His face went blank as he documented the list of tortures he was forced to endure.
"I was stripped naked, and shackles placed on my feet and hands. Then they beat me and would not let me sleep for 48 hours, striking me whenever I tried to fall asleep.
"They pushed my stomach onto a hard stick, so hard that blood came out of my mouth, when I was about to go unconscious, they poured freezing water on me.
"Our food was mixed with feces from the toilets, so that we became sick.... They connected electrodes to my fingertips and put another electric prod in my mouth. The pain was so severe that I automatically urinated in my pants," he said.
Now only 21, Bhakdo became a monk when he was 17 years old, not because he was especially religious at the time, but because, he said, "I thought it was the only way I could get food."
At the monastery he learned how the repression of his people was being caused by China's occupation.
When he took part in a protest against Chinese rule in 1988, he was caught on film throwing stones at Chinese photographers and was forced to go into hiding when the government put a price on his head.
After masquerading as a woman in Lhasa for a month-and-a-half, he heard that the government was planning to arrest his parents if he did not turn himself in.
"Hearing this, I went home for fear that they would torture my parents," he said.

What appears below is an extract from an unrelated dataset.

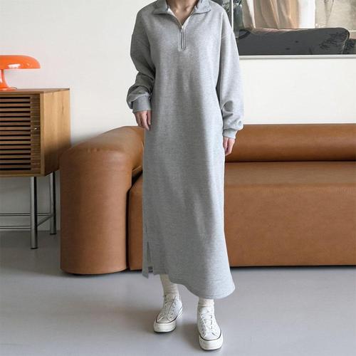 [문에이블]문에이블 여자 여성 겨울 루즈핏 빅사이즈 반집업 베이직 따뜻한 기모 데일리 롱 원피스
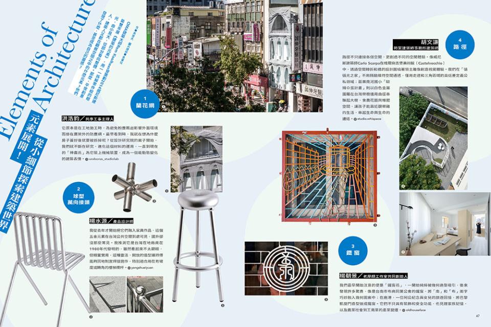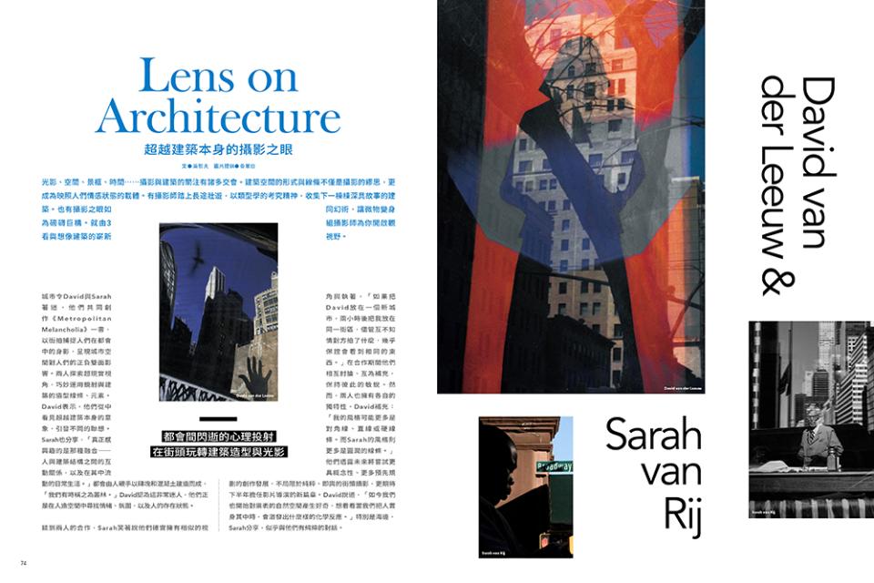 這次我們邀請20多位國內外、不同領域的創意人,透過攝影、藝術、日本動畫、圖像小說創作、詩人等多重觀點,探索建築的無限可能。封面是著迷於都會生活的攝影雙人組,David van der Leeuw & Sarah van Rij中Sarah的作品。他們兩人協作又各具獨特視角,深具神祕感的街拍創作,自然而然將城市間建築的造型、線條與元素、鏡射都納為了攝影靈思。專題從設計與建築人的帶路探索、藝術家與建築師的跨界聯手創作、堅持手作模型到探索VR科技虛擬空間的藝術實踐,以及台日策展人的越洋對話,其中有許多來自非建築領域或半個局外人的觀點,希望提供一種「建築以外」的思考,成為你重新發現建築的新提案。

Bhakdo was released after he served his three year term. His sentence was the shortest of all the monks arrested in the protest, because of his age.
The other monks received sentences ranging from 10 years to life in prison to the death penalty. Many are still incarcerated.
Tibet has been under Chinese occupation since China's invasion in 1950, and religious and political freedoms have been severely curtailed.
The Dalai Lama, the spiritual leader of Tibetan Buddhists, was forced to flee to India in 1959.
The newly appointed seven-year-old Pachen Lama--the second most important religious figure in the Tibet--disappeared and is feared to have been captured or killed.
As Bhakdo left, clad in crimson robes, with a shaved head and rugged mountain boots, he bowed swiftly and asked, "Keep Tibet in mind. Help in any way you can."